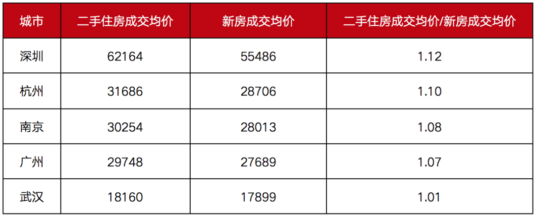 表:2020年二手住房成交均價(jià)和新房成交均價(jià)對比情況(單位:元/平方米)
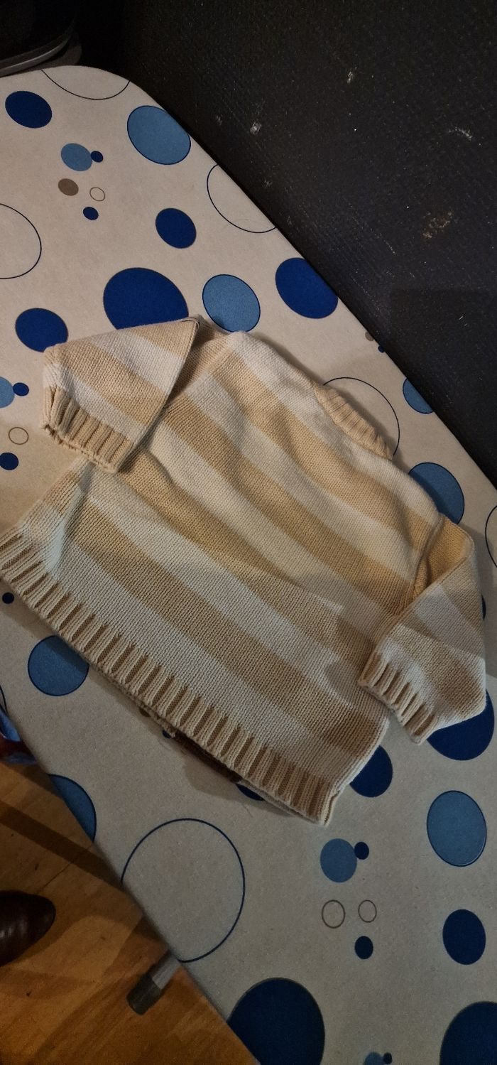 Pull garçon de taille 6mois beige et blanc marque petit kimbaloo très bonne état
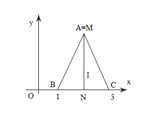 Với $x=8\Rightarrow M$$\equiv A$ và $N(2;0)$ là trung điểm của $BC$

----

PROBLEM DESCRIPTION:
Restate the whole of the material word for word without the pictures.

TASK RESPONSE:
 表:2020年二手住房成交均價(jià)和新房成交均價(jià)對比情況(單位:元/平方米)
 Pull garçon de taille 6mois beige et blanc marque petit kimbaloo très bonne état
 Với $x=8\Rightarrow M$$\equiv A$ và $N(2;0)$ là trung điểm của $BC$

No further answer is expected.